The 3 Biggest Threats to Real Estate Right Now

| Real Estate | March 12, 2026 | 37.6 Thousand views | 1:04:53

TL;DR

Real estate investor Ken McElroy identifies AI-driven unemployment, housing affordability collapse, and currency instability as the three critical threats to real estate markets. He argues that while job losses may trigger a recession, they will likely force the Fed to cut rates and accelerate the shift from homeownership to renting, creating a 2-3 year buying window for multifamily assets.

🤖 AI & Unemployment Disruption 4 insights

Job cuts hit historic 1 million threshold

2025 layoffs surpassed 1 million for only the fourth time in 32 years, joining 2001 and the GFC, with 108,000 cuts in January alone—the highest since 2009.

Double-digit unemployment predicted within 18 months

Silicon Valley AI experts with significant patent holdings forecast unemployment could double by late 2026 as automation accelerates in Q2 and Q3 2025.

Real unemployment significantly higher than reported

McElroy highlights the U6 unemployment metric (true unemployment including discouraged workers) is substantially higher than the headline U3 figure of 4.3% currently reported.

Fed rate cuts likely if unemployment spikes

Historical precedent suggests the Federal Reserve will prioritize its unemployment mandate over inflation if joblessness rises significantly, creating lower-rate opportunities for real estate investors.

🏘️ Affordability & Housing Cost Crisis 3 insights

Homeownership rate collapses to 65.7%

Ownership has fallen from a 69.2% peak during the Clinton/Bush era, pushing millions into the rental market and driving record-high renter cost burdens despite 50-year supply highs in multifamily.

Monthly ownership costs exceed $4,200

At current 6% rates, average mortgage payments run $2,700 monthly plus approximately $1,500 in insurance, taxes, and expenses—far outpacing wage growth and pricing out first-time buyers.

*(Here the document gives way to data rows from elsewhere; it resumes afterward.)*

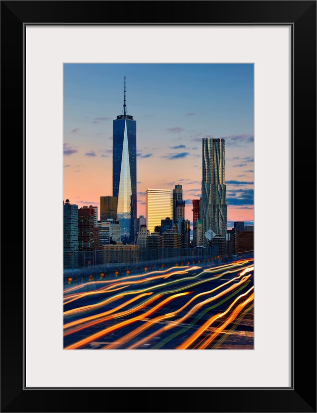 <p>USA, New York City, Manhattan, Lower Manhattan, One World Trade Center, Freedom Tower, Freedom and Beekman towers.</p>
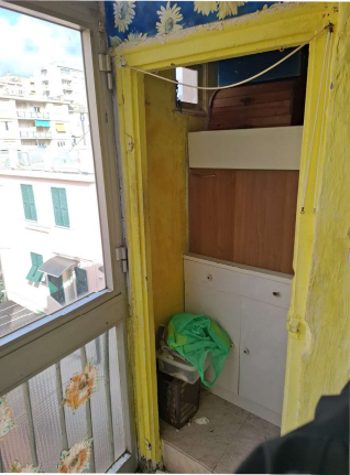 Piena proprietà di appartamento ad uso abitativo ubicato a Genova (GE), zona Sestri Ponente, Via Puccini, edificio 13, interno 10, posto al piano 4 di un edificio di 6 piani fuori terra, senza ascensore, composto da un ingresso, un soggiorno, una cucina, due camere, un servizio igienico, un poggiolo chiuso da una veranda in vetro e alluminio.
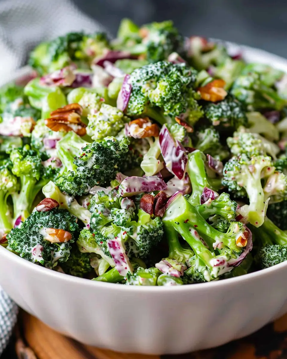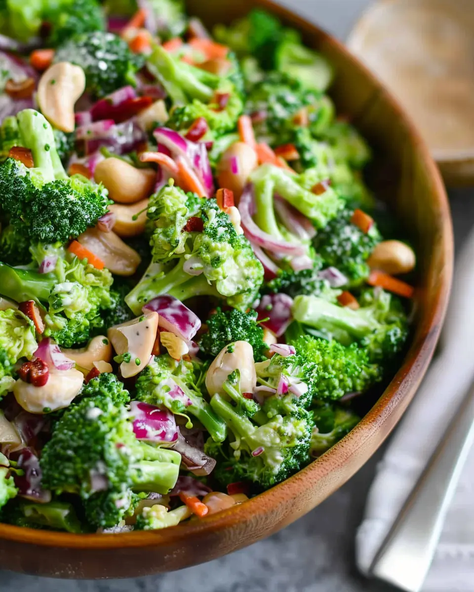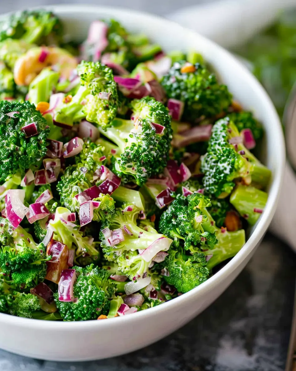 Making the best broccoli salad starts with just 15–20 minutes of prep. You’ll chop fresh broccoli, mix in some crunchy nuts, and whisk together a flavorful dressing. It’s a straightforward process that’s both fun and rewarding, especially when you see the vibrant colors come together.

Municipal tax hikes squeeze property owners

Cities like Portland and Seattle are raising property taxes aggressively to cover infrastructure costs as populations vacate, creating additional pressure on landlords already facing insurance spikes.

📊 Investment Strategy & Market Positioning 3 insights

Current cycle offers 2-3 year buying window

McElroy, who purchased $528 million in multifamily assets last year and merged with a Salt Lake public company to reach a $10 billion platform, argues this difficult period represents the best acquisition timing before rates potentially drop.

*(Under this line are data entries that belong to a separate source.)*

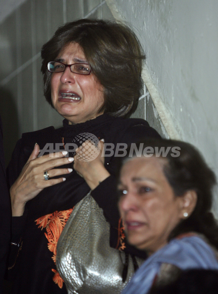 通りや沿道の建物を埋め尽くした数十万の群衆は、ブット元首相のひつぎが通り過ぎると、泣き声を上げたり胸を叩くなどして元首相の死を悼み、周囲は大きな悲しみに包まれた。(c)AFP
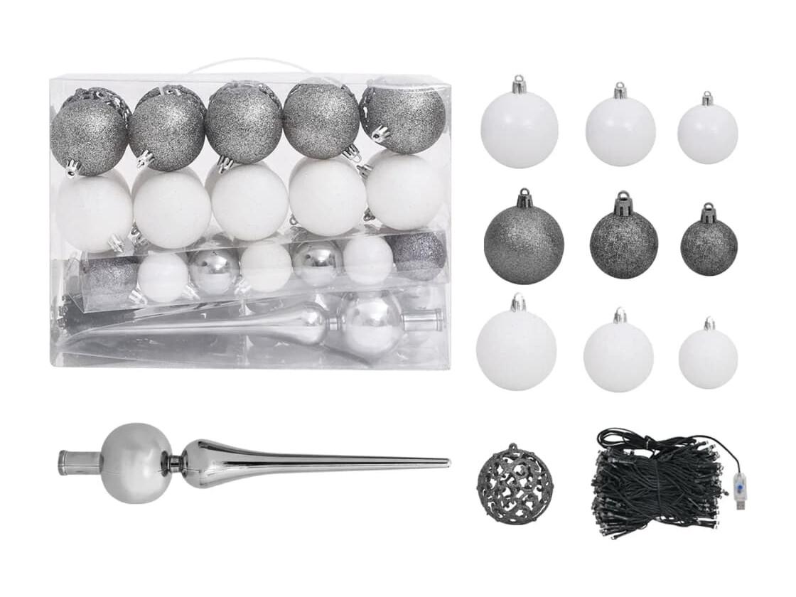 Arbre de Noël artificiel avec LED et boules Blanc 120 cm
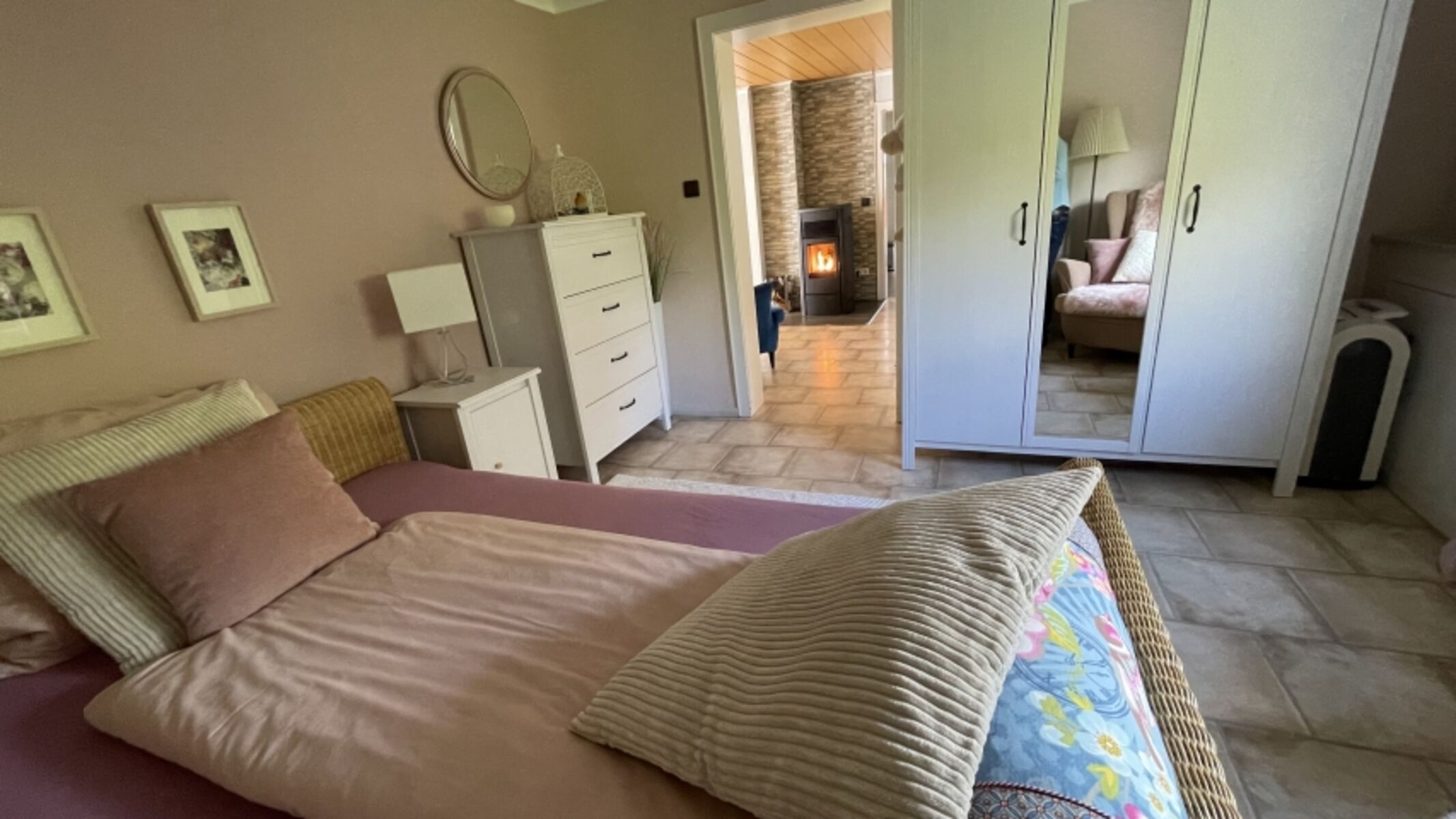 Doppelbett 1,40 x 2,00m, Einzelbett, Kommode, Spiegel, Leselampe am Bett, Fliegengitter
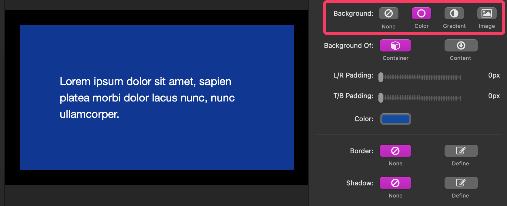 - Border & Shadow controls are exposed if you have added a Color, Gradient, or Image background. They apply to the same area as Background Of (Container or Content). Use this to create cards, callouts, and framed sections.
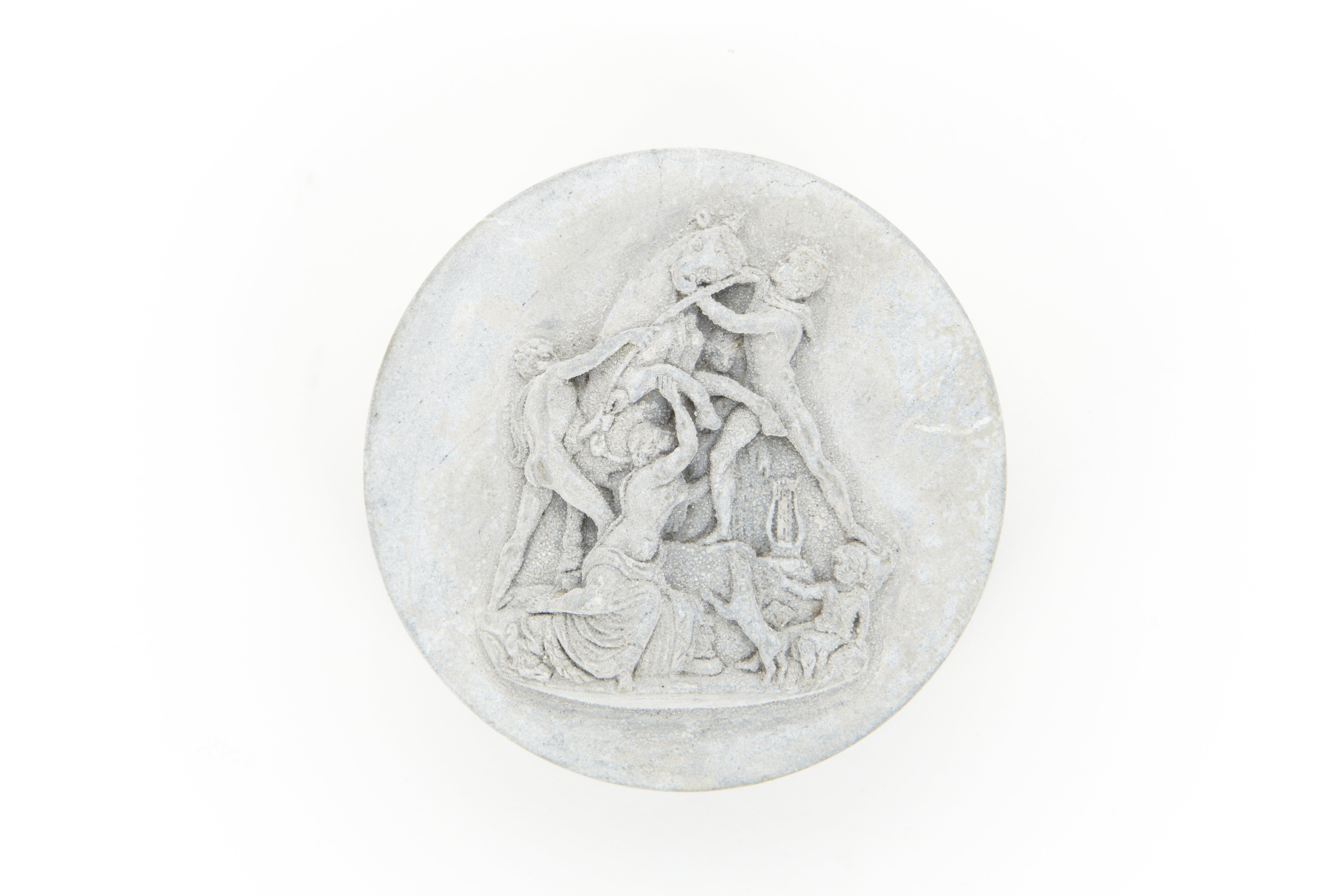 Ask med lock. Rund , platt. Lava med montering av guld. På locket farnesiska tjuren skuren i relief.

Demographic shift favors rental demand

The transition from 69% to 65% homeownership represents millions of households moving to rentals, structurally supporting multifamily demand even during economic stress.

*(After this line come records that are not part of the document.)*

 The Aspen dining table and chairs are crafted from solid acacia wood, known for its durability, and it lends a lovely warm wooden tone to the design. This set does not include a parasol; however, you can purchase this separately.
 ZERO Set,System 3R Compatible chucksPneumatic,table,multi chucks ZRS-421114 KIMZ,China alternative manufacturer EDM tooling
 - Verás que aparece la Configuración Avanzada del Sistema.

Geographic selection critical amid volatility

While national crashes are unlikely, specific markets like parts of Florida face unique distress, requiring investors to analyze local unemployment exposure and tax policy risks.

Bottom Line

Investors should aggressively acquire multifamily assets during this 2-3 year window, as AI-driven unemployment will likely force Fed rate cuts while simultaneously driving rental demand from displaced homeowners and priced-out buyers.